OASIS Mailing List ArchivesView the OASIS mailing list archive below
or browse/search using MarkMail.


Help: OASIS Mailing Lists Help | MarkMail Help

[Date Prev][Date Next][Thread Prev][Thread Next][Date Index][Thread Index]

Re: XML Blueberry

This Blueberry issue is not a slam-dunk either way, it's
a genuinely hard issue.  Actually it's several genuinely
hard issues in an unattractive package, namely:

 - the NEL character as a line separator
 - the proper relationship to Unicode
 - how to version XML

At the moment, based on a certain amount of introductory 
thought, but not by an overwhelming margin, I lean to 
doing nothing; simply because the cost of the Blueberry 
action seems to outweigh its benefits.  

Benefits first:  I think that the specific Blueberry 
suggestions (NEL and the new Name characters) are probably 
technically correct from any sensible reading of 
Unicode/ISO10646.  Per Unicode, NEL is a first-class
line delimiter, at least equal in status to CR and NL, and 
arguably superior since it's a single character with a clear 
semantic, not a holdover from archaic typewriter-cylinder 
control characters.

Secondly, the benefit is significant.  The IBM mainframe
people followed all the rules in adopting NEL as a line
separator in their mainstream software libraries, and if
XML doesn't change it means you can either use standard
software text-handling tools OR you can use XML, but not
both.  OS/MVS and its successors are hardly hip or 
fashionable, but they serve as the stewards of remarkably
huge amounts of high-quality data, and any move to enable
the XMLification of this stuff is praiseworthy.

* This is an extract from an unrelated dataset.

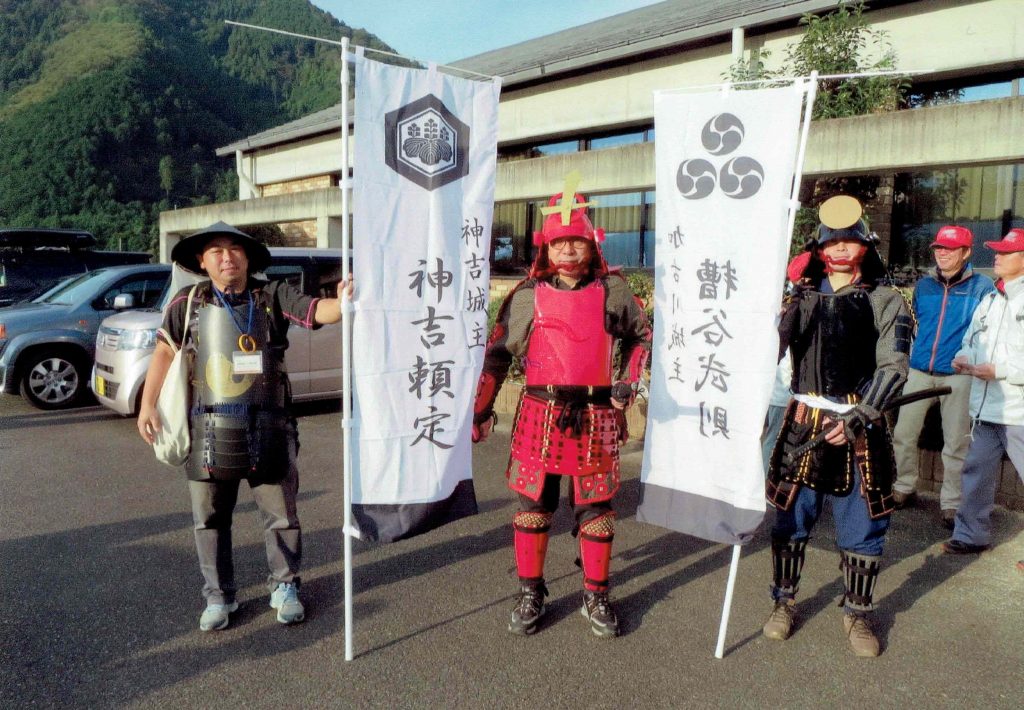 この後が武者行列の予定だったのですが、下山して行列に加わる準備時間が全くなく、ダッシュで下城し、車で集会場に到着、休んで身なりを直す暇もなく、そのまま行列ということになりました・・・・・。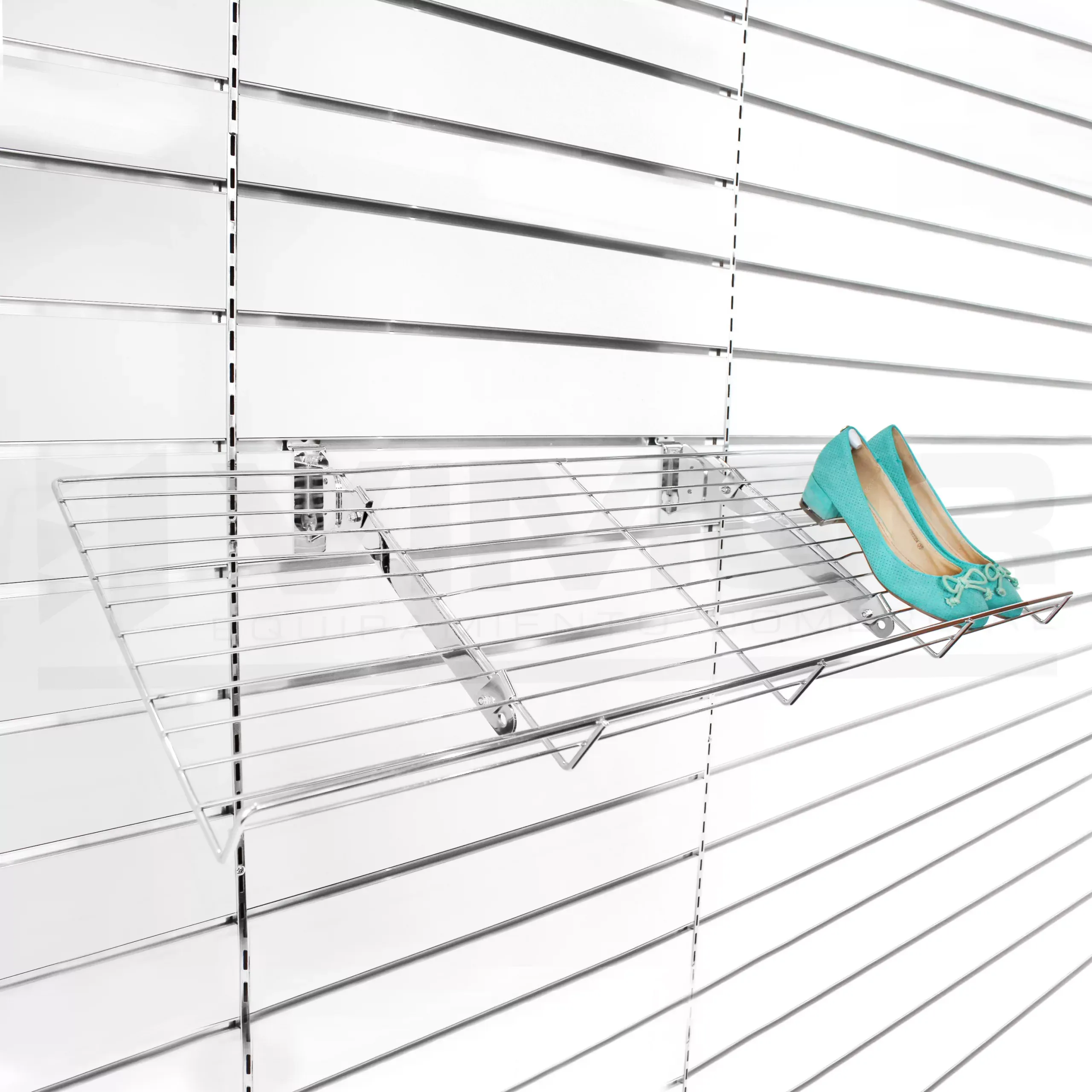 Bandeja rejilla con tope para sistema lama, ideal para calzado. Color cromado.

But the costs seem pretty darn high to me.  If Blueberry
is adopted and is given a new <?xml version number, this 
means that the mass of already-deployed XML software will 
correctly throw such data on the ground, at some considerable 
cost to interoperability.  If there is no <?xml version 
number, then such software will try to read it but then 
unpredictably throw it on the ground upon encountering the 
first NEL that appears inside a tag - or the first 
element-type/attribute-name using one of the non-XML-1.0 
name characters.  Of these two, the second problem seems more 
damaging, so I'd argue pretty strongly for signaling 
Blueberry documents with some value of <?xml version="X" ?> 
where X is not "1.0".

And the cost of this is very high.  At the moment, XML 1.0
is pretty effectively one thing and just one thing, and if
I claim to ship out XML and you claim to be able to read it,
we can usually interoperate, especially since we're both
probably using expat or xerces or msxml.  Introducing 
Blueberry will impair this admirable simplicity.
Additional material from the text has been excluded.